Agency Lessons is a weekly post that gives authors and readers an inside look into the mind of a literary agent and a peek behind the curtain of how books are made.
I'm answering another question from the mail bag today:
How do you balance self-promotion with actual author to reader interaction that doesn't come off as spamming?
This is a great question and one that I see a lot of authors struggling with.
We've all found ourselves with a new follower on Twitter. We go to check out their account and all their tweets are self-promotion. So we click the little red 'x' and move on. Because no one wants to sign up for a constant commercial.
Which is what authors are doing when they fail to include the social in their social media.
A good rule of thumb is 80/20. Any of your social media posts should be 80% for your followers in the form of genuine interaction and 20% can be reserved for promotion. That 80% can be so many things. Ask genuine questions to start a conversation, share an article that your really enjoyed, promote the author of a book you read, or, you know, cat pictures. Because the internet loves cat pictures. The idea is to make sure you are being a social user. That means genuine interaction, not just throwing book promos into the wind.
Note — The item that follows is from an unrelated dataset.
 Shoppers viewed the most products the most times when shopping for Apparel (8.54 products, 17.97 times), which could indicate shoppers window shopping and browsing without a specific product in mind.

By creating an account that is mostly social, your followers will not mind the occasional "hey, check out my book" post. In fact, they will probably be happy to support you.
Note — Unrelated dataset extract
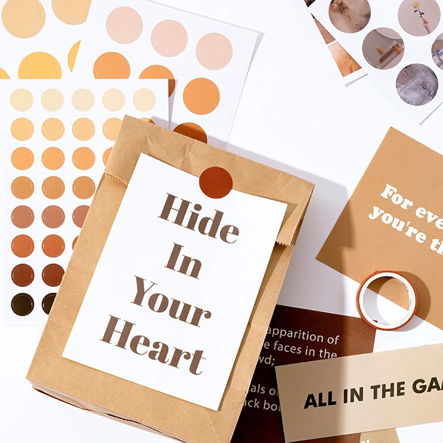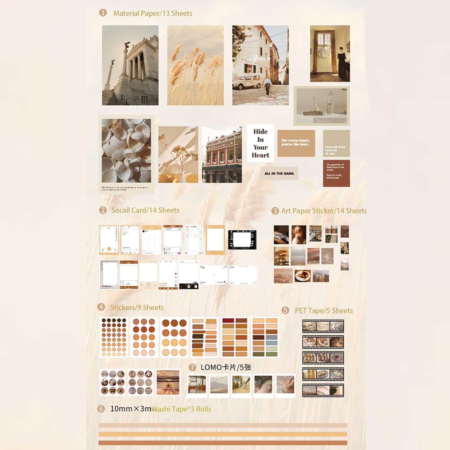- Big Series: 64PCS material elements, including A4 size poster x 4, A5 size poster x 4, coated paper stickers x 15 sheets, LOMO card x 5, PET transparent tapes x 5, mini coated stickers x 9 sheets, letter papers x 5pcs, washi tapes x 3 rolls, writable social cards x 14pcs. A really big series material for decoration.

Perhaps the 80/20 rule seems to close to doing actual math and you swore to your algebra teacher that you'd never touch the stuff again. If that's the case, then just follow the WAM principal, otherwise known as What About Me.
In general, people like to know what they are going to get out of a relationship, including the people they follow on social media. This can be as simple as getting a quick laugh from the guy who always posts funny cat gifs. So when you are trying to decide what to post, and how much of it can be about your books, think first about what your followers will get out of your post. If your answer is always something along the lines of "they get to learn about my book", you're doing it wrong.
Above and beyond any rule or mantra, social media should be fun. It can also be a great way to share your love of books and reading and it can be helpful in letting people know about your own book. But social media is not an advertising platform. If you keep that in mind, you should be fine.